Independent Auditor Report
Standalone Financial Results
The Members of Kovilpatti Lakshmi Roller Flour Mills Limited, Gangaikondan.
Report on the Audit of the Standalone Financial Statements
Opinion
I have audited the standalone financial statements of Kovilpatti Lakshmi Roller Flour Mills Limited ("the Company"), which comprise the balance sheet as at 31st March 2023, and the statement of Profit and Loss, statement of changes in equity, and statement of cash flows for the year then ended, and notes to the financial statements, including a summary of significant accounting policies and other explanatory information in which are included the financial statements/ information for the year ended on that date audited by the branch auditors of the Company's branches located at Coimbatore, Tamilnadu.
In my opinion and to the best of my information and according to the explanations given to me, the aforesaid standalone financial statements give the information required by the Companies Act ("the Act") in the manner so required and give a true and fair view in conformity with the accounting principles generally accepted in India, of the state of affairs of the Company as at March 31,2023, its profit and other comprehensive income, changes in equity and its cash flows for the year ended on that date.
Basis for Opinion
I conducted my audit in accordance with the Standards on Auditing (SAs) specified under section 143(10) of the Companies Act, 2013. My responsibilities under those standards are further described in the Auditor's Responsibilities for the Audit of the Financial Statements section of my report. I am independent of the Company in accordance with the Code of Ethics issued by the Institute of Chartered Accountants of India together with the ethical requirements that are relevant to my audit of the financial statements under the provisions of the Companies Act, 2013 and the Rules thereunder, and I have fulfilled my other ethical responsibilities in accordance with these requirements and the Code of Ethics. I believe that the audit evidence I have obtained is sufficient and appropriate to provide a basis for my opinion.
Key Audit Matters
Key audit matters are those matters that, in my professional judgment, were of most significance in my audit of the financial statements of the current period. These matters were addressed in the context of my audit of the financial statements as a whole, and in forming my opinion thereon, and I do not provide a separate opinion on these matters.

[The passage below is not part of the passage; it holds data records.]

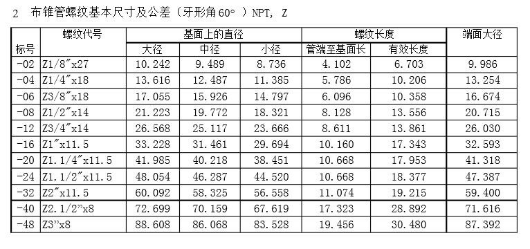 螺纹规格
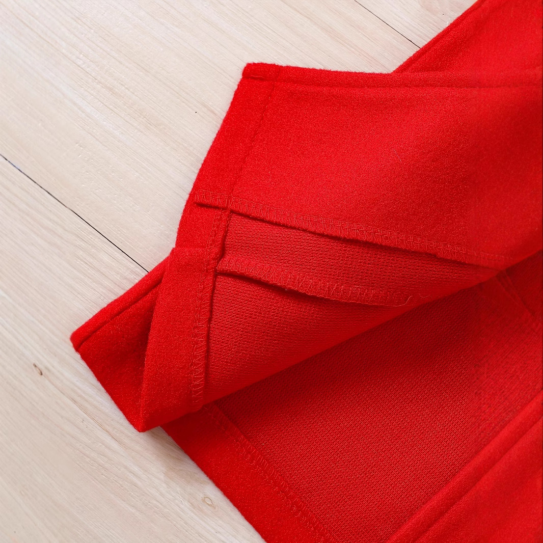 Unul dintre elementele distinctive ale acestui palton este gulerul supradimensionat din blăniță albă, care aduce un plus de rafinament și căldură. Această blăniță este moale, pufoasă și plăcută la atingere, oferind protecție suplimentară în zona gâtului, acolo unde copiii sunt adesea expuși la frig. Gulerul completează perfect nuanța roșie intensă a paltonului, creând un contrast plăcut și elegant, perfect pentru perioada sărbătorilor de iarnă.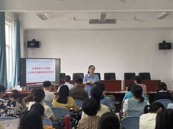 2024年7月4日,護理學院召開了2024年度上半年黨風廉政建設暨師德師風建設工作會議。此次會議由護理學院黨委書記龔海蓉主持,旨在進一步加強學院黨風廉政、師德師風建設工作,確保黨的紀律和規矩得到嚴格遵守,推動學院各項工作健康發展。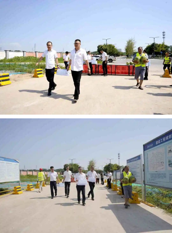 时值三伏,酷暑难耐,为了落实做好防暑降温安全生产工作,确保项目施工人员的安全与健康,促进项目安全施工。7月28日,中明建投集团工会赴西咸新区兴华街(安远路—临空大道)市政工程项目现场开展了 “酷暑送清凉 关爱入心田”慰问活动。 活动由集团总裁高良带队,党支部书记霍炎、副总经理刘磊、副总经理董斌及工程管理中心相关负责人陪同前往项目现场,为一线工人送去了纯净水、西瓜等防暑降温物品。 在慰问现场,集团总裁高良向不畏酷暑在岗位上兢兢业业的一线职工表示感谢,感谢他们为集团安全建设、绿色施工等工作所做的努力与贡献,并亲手将慰问物品一件件分发给一线工人,还叮嘱他们要保重身体、劳逸结合,注意防暑降温。 随后,总裁高良一行和项目部负责人深入施工现场,详细了解施工进度,并要求项目负责人要注意防暑降温,科学合理安排一线职工作业时间,做好作业场所的劳动保护措施,守牢安全生产底线,同时要求项目部要做好防洪防汛防灾害等应急安全防范工作,确保集团在建项目持续安全稳定。 此次送清凉慰问活动,不仅使广大一线施工人员感受到了来自集团公司的关心与爱护,也加强了项目部全体人员的“安全”意识,激发了他们爱岗敬业的工作热情,为公司夏季安全生产工作的顺利开展奠定了良好的基础。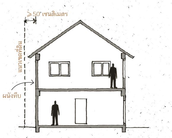 - หากผนังที่ชิดเขตที่ดินเป็นผนังทึบ สามารถสร้างให้มีระยะห่างจากเขตที่ดินได้ไม่น้อยกว่า 50 เซนติเมตร
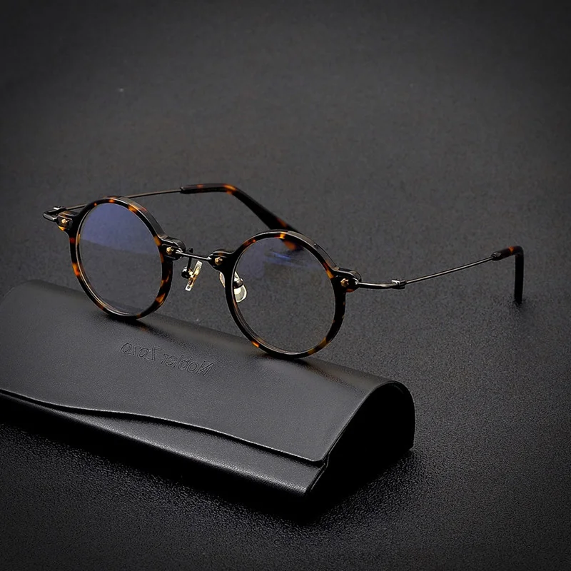 Pure titanium round glasses frame men vintage handmade acetate optical glasses frame women make prescription glasses for myopia

I have determined the matter described below to be the key audit matter to be communicated in my report.
The Company's Management and Board of Directors is responsible for the other information. The other information comprises the Board's report and the corporate governance report but does not include the standalone financial statements and my auditor's report thereon. Those reports are expected to be made available to me after the date of my auditor's report.

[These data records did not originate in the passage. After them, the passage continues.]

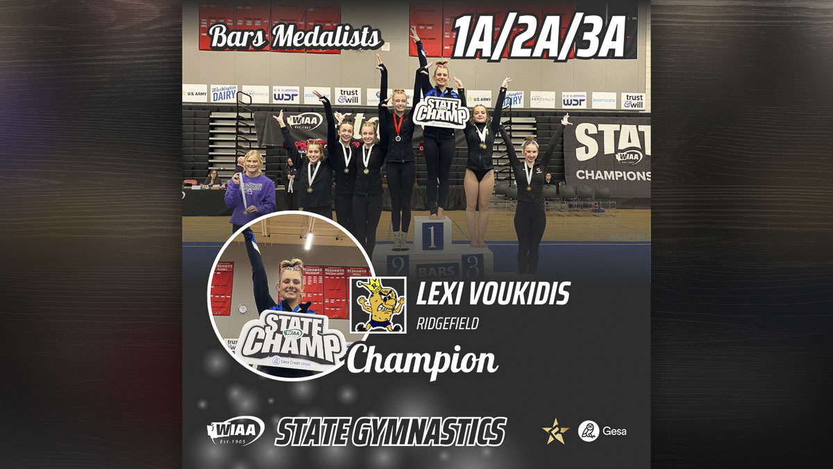 Lexi Voukidis scored a 9.225 on the uneven bars to claim the Class 3A/2A state championship Saturday at Sammamish High School.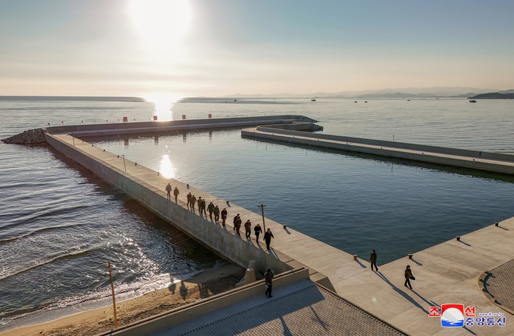 朝中社平壤11月26日电 朝鲜劳动党总书记、朝鲜民主主义人民共和国国务委员长金正恩同志亲临正在新建在咸镜南道新浦市丰渔洞地区的新浦市浅海养殖事业所,了解了工程进展情况和养殖场营造及管理运营准备情况。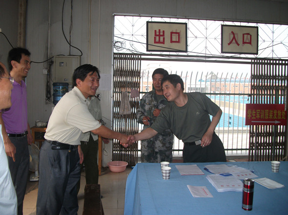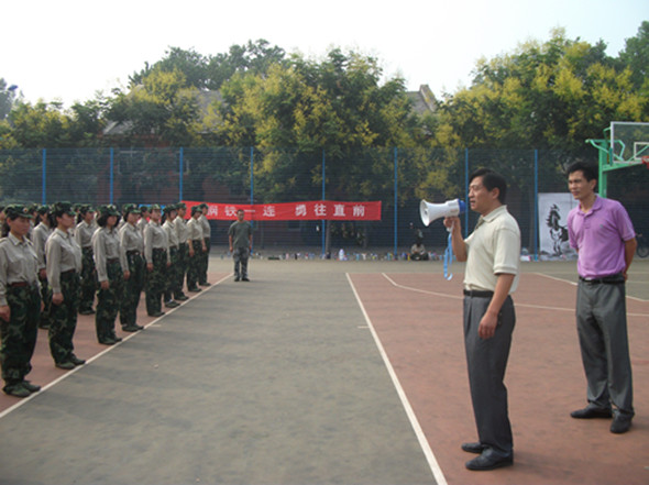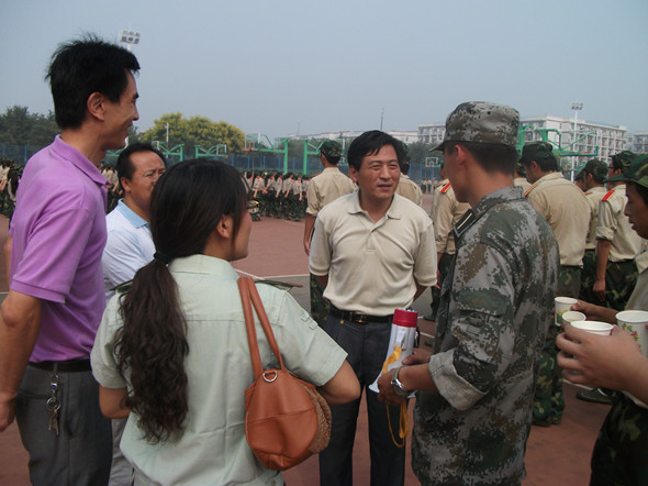 9月1日上午,金沙官网党委书记惠安堂,副院长杜世平,党委副书记马志宏一行三人冒着酷暑来到军训训练场,看望了正在参加军训的金沙官网2011级学生。

My opinion on the financial statements does not cover the other information and I will not express any form of assurance conclusion thereon.

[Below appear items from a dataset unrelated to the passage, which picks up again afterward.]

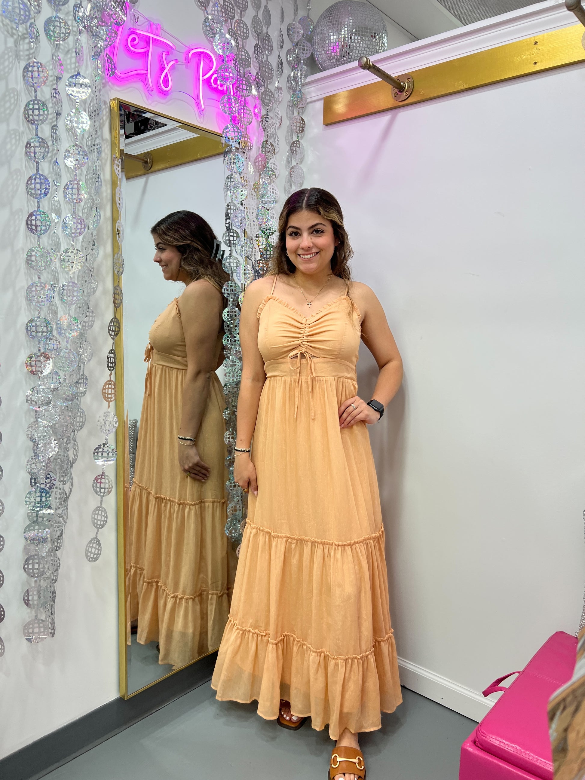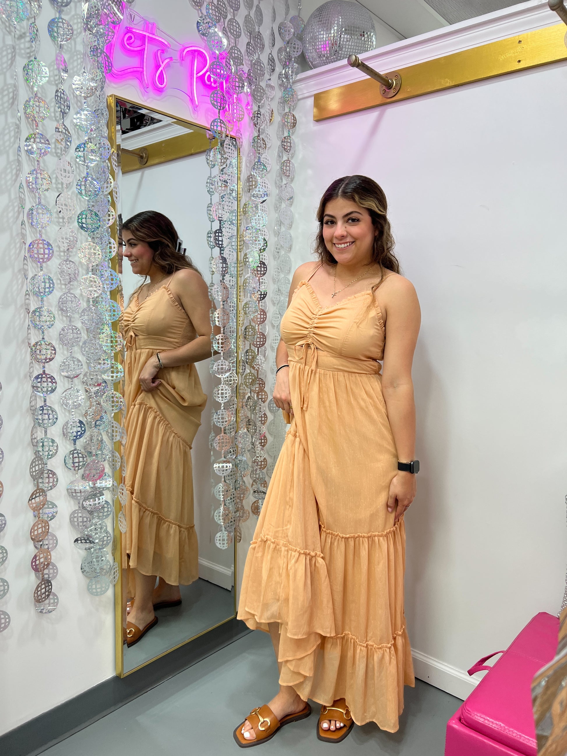 Dress up your wardrobe with our Maxi Dress Metallic Apricot! This stunning dress boasts a playful metallic sheen that's sure to turn heads. Stay stylish and comfortable all day long with this quirky and fun addition to your collection. (Believe us, you'll want to twirl in it!)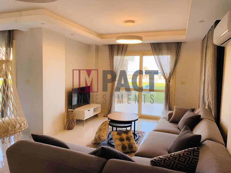 - شالية للبيع ارضى بجاردن استلام فورى sea view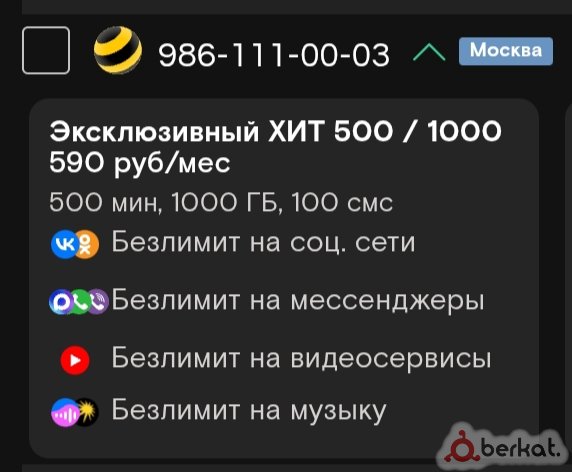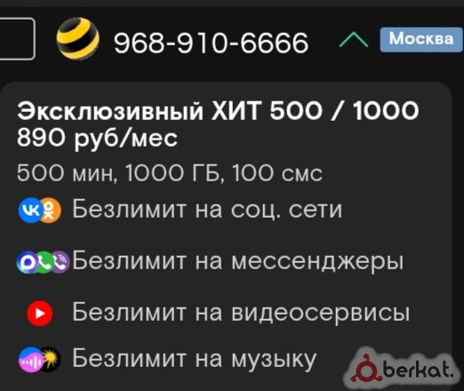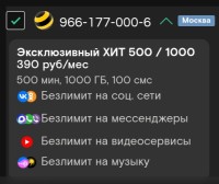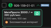 320 ₽/мес 2500 минут Безлимитный интернет Обращаться/писать на номер 9656969966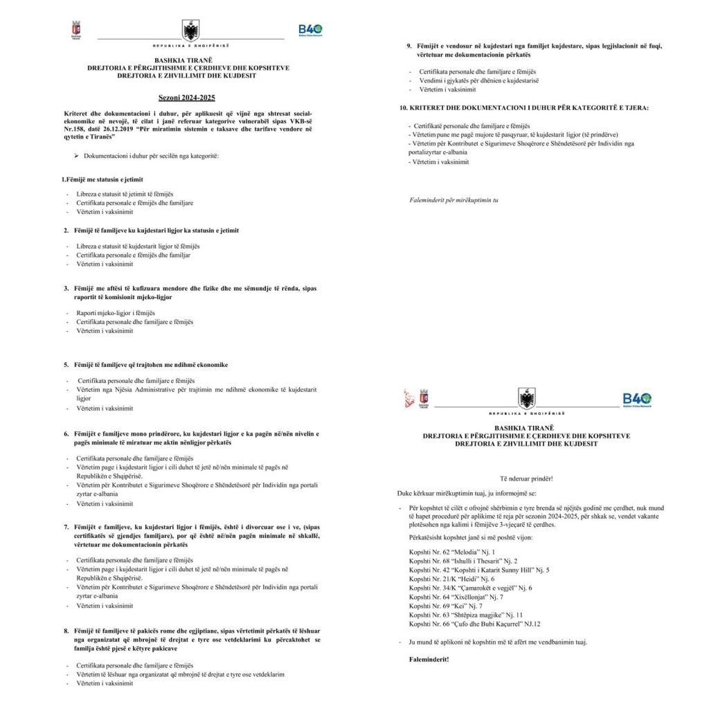 I vetmi dokument i afishuar në dyert e drejtorisë e po ashtu edhe në faqen e saj, zyrtare është lista e dokumenteve që duhet të paraqesë secila kategori prindërish për të aplikuar.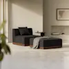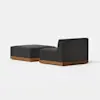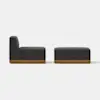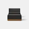 The Essential Armless Chair balances aesthetic refinement with enduring comfort. An exposed, upcycled wood base features Japanese joinery details, while generously padded integrated cushions maintain a loungeable taper and provide resilient comfort. Upholstered in premium performance fabrics selected for their texture and longevity. Innovative design composed of separate wood base and nesting seat units.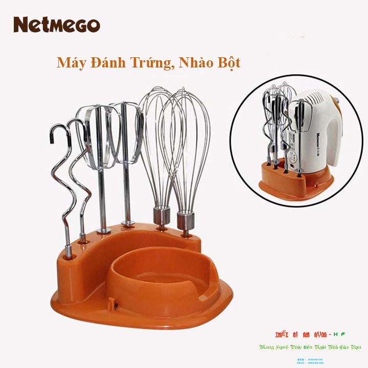 ✔️Máy đánh trứng cầm tay Netmego được làm với chất liệu nhựa chắc chắn, đi kèm máy là 6 que bằng inox cao cấp bền đẹp:2 que trộn, 2 que nhào, 2 que phới lồng.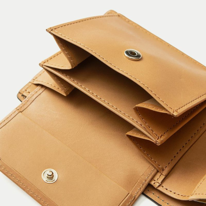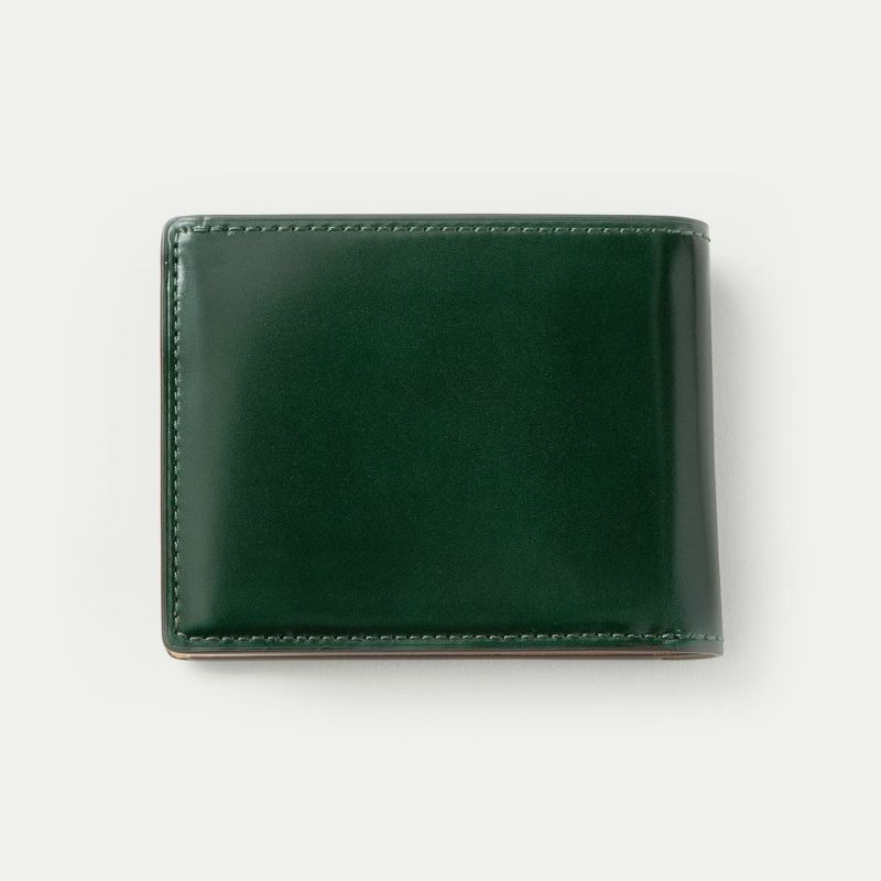 ファンダメンタルな普遍性と、ファッショナブルな独創性を併せ持つバッグブランドによる、時代や流行さえも超えていく新たな魅力を放つ二つ折り財布。“革のダイヤモンド”とも称される外装の「コードバン」は、趣のある重厚な風合いと深みのある上質な色合いへと導かれ、透明感のある美しい光沢を纏うとともに、丁寧なコバの仕上げもその品格を高めています。

In connection with my audit of the financial statements, my responsibility is to read the other information identified above when it becomes available and, in doing so, consider whether the other information is materially inconsistent with the financial statements or my knowledge obtained in the audit, or otherwise appears to be materially misstated. When I read the other information, if I conclude that there is a material misstatement therein, I am required to communicate the matter to those charged with governance and I shall report that fact."
Management’s Responsibility for the Standalone Financial Statements
The Company's Board of Directors is responsible for the matters stated in section 134(5) of the i Companies Act, 2013 ("the Act") with respect to the preparation of these standalone financial
statements that give a true and fair view of the financial position, financial performance, changes in equity and cash flows of the Company in accordance with the accounting principles generally accepted in India, including the accounting standards specified under section 133 of the Act, read with relevant rules issued thereunder.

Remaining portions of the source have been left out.